Possibly. But knowing Andy, he will have tried both ways, and chosen the best sounding.
As I say, I don't have any analysis to address the polarity question. At worst, it affects the way the cathode current is contained locally, as opposed to getting out toward the supply transformer. It does not affect the architecture or operation of the filament current regulation.
Buyers of the kits receive detailed instructions on how to get the best out of their DHT, by optimising the heating supply. Among the suggestions is to try the cathode return both ways - starting with positive, since this seems the orientation most often preferred.
As I say, I don't have any analysis to address the polarity question. At worst, it affects the way the cathode current is contained locally, as opposed to getting out toward the supply transformer.
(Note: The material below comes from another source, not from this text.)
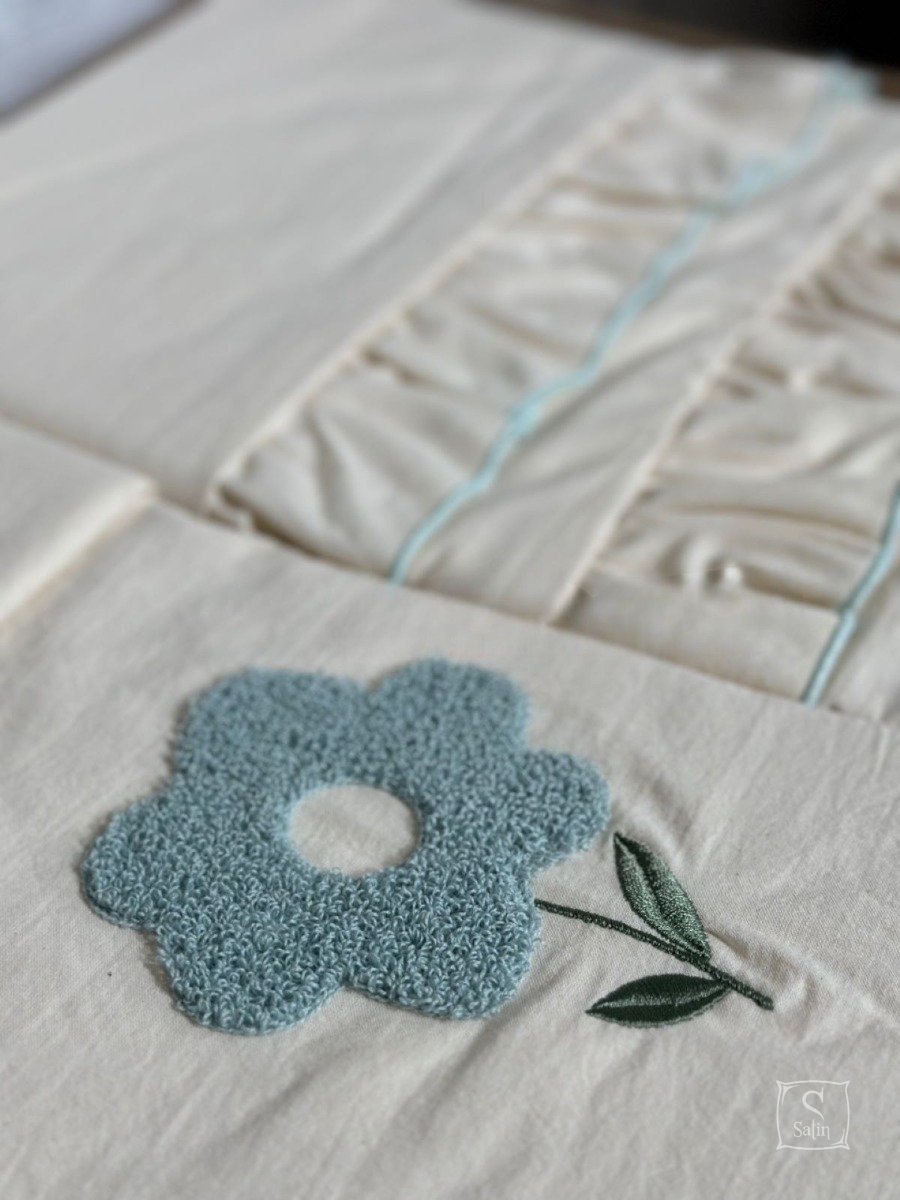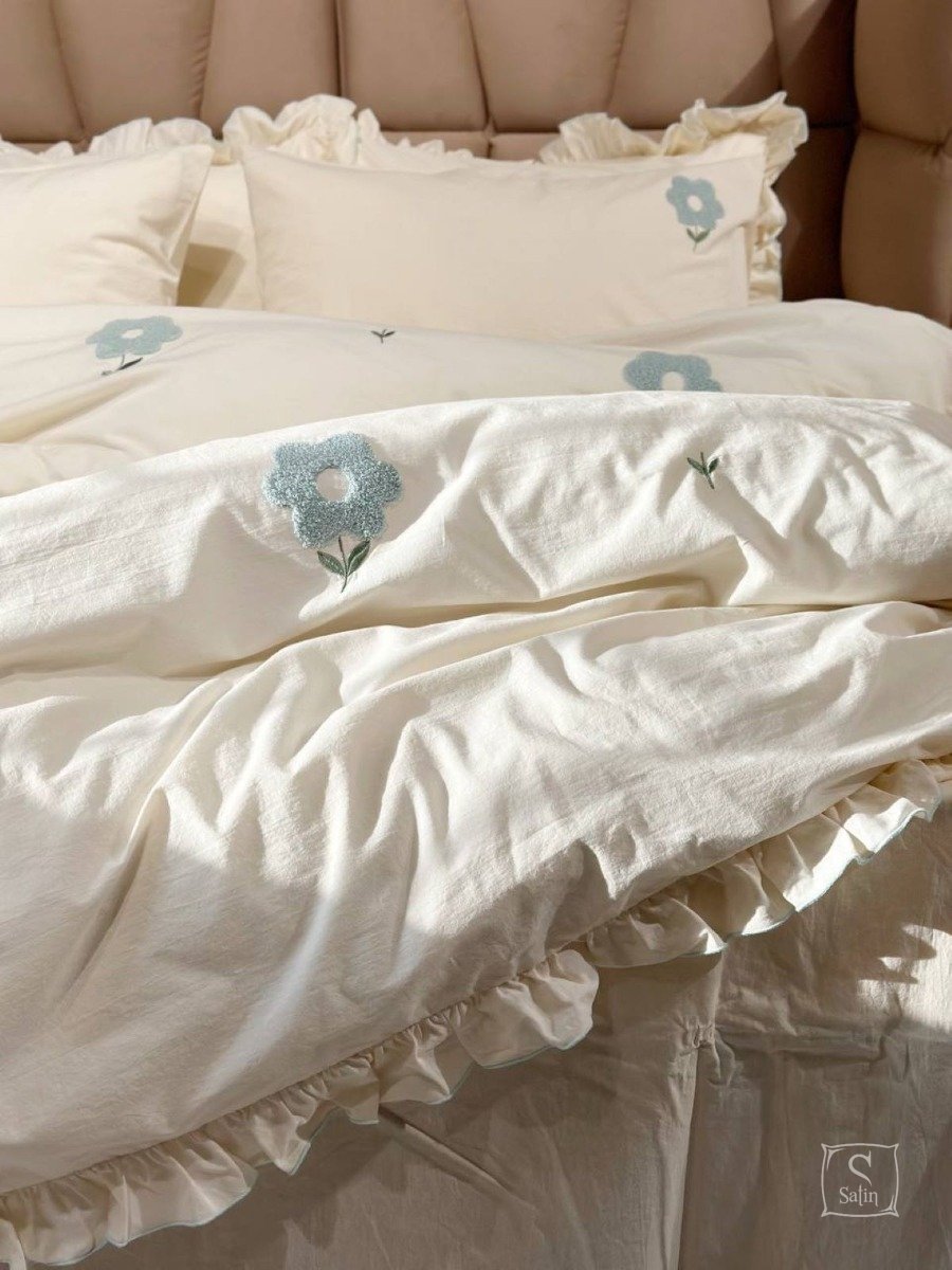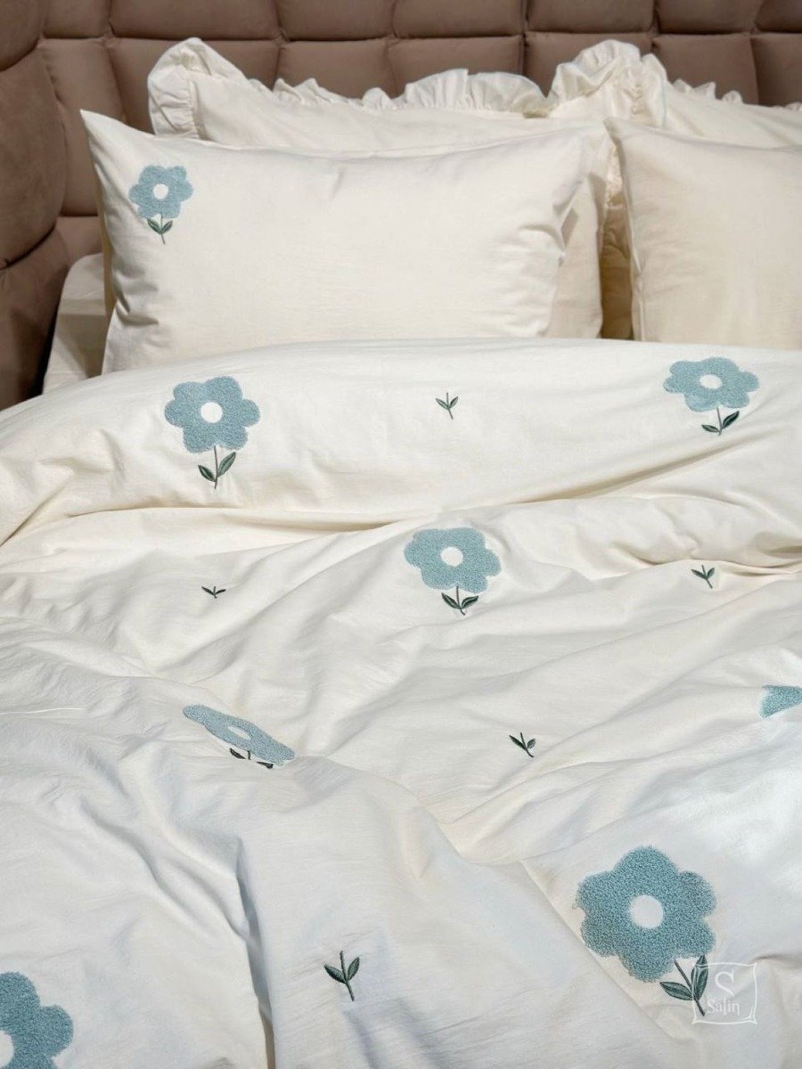 Комплект постельного белья Saheser Florita mint изготовлен из 100% натурального хлопка в молочно-ментоловоых тонах, декорирован вышивкой цветов и рюшами на пододеяльнике и наволочках.

It does not affect the architecture or operation of the filament current regulation.
Buyers of the kits receive detailed instructions on how to get the best out of their DHT, by optimising the heating supply. Among the suggestions is to try the cathode return both ways - starting with positive, since this seems the orientation most often preferred.
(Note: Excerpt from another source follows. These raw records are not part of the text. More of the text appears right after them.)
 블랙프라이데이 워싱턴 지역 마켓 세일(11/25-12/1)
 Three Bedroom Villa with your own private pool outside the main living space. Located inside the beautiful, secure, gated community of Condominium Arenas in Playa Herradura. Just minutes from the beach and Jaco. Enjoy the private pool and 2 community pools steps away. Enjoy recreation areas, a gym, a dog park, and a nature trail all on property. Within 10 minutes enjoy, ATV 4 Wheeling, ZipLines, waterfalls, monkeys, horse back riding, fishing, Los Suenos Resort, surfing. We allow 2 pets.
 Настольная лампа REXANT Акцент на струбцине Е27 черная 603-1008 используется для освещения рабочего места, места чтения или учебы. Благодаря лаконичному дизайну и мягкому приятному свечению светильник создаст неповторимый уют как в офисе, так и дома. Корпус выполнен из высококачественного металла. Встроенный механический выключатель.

http://www.diyaudio.com/forums/tubes-valves/38248-new-dht-heater-4.html
The above is what I've been using until recently - Rod's original design in post 35 of this thread. The gyrator goes to the plus and the current source to the negative, i.e. ground in filament bias.
I wasn't aware I could connect it the other way around - is this true?
andy
The above is what I've been using until recently - Rod's original design in post 35 of this thread. The gyrator goes to the plus and the current source to the negative, i.e. ground in filament bias.
I wasn't aware I could connect it the other way around - is this true?
andy
Andy, Iko & I were talking about the question of whether B+ Return (i.e. Chassis, or real Ground - or the cathode resistor, or LED) should be connected to the filament's positive or negative.
It does make a big difference. you have to use a different value cathode resistor, if you use cathode bias, or adjust bias voltage if you use fixed bias - because the bias is shifted by an amount equal to the filament voltage, when you switch polarity like this.
It is well worth trying, to see which way round you like it best.
However, in your drawing filament bias is used! In this arrangement, there is no choice in the polarity - the negative must connect to the cathode bias resistor, or else the bias will be reversed.
But in all other applications, trying positive-return is recommended..
It's worth remembering that the whole filament supply - especially the AC transformer secondary, and rectifier/caps floats.
It's only ever connected to ground at one point (Fil + or Fil -) - this is for the cathode current only. The filament current does not need to even know that Ground exists - (ie B+ Return, or B-, or 0V (HT)).
One of the regulator's functions is to isolate GND from the filament supply.
I guess thats where we get confused. I wouldn't say it is possible to have a floating heater supply on a DHT (even AC.) I would say the CCS allows it to "approach" floating. Even though the filament current doesn't need the ground it is still connected and this can't be dismissed? Possibly for all practical use it is insignificant, like say even 100db lmW sensitive headphones?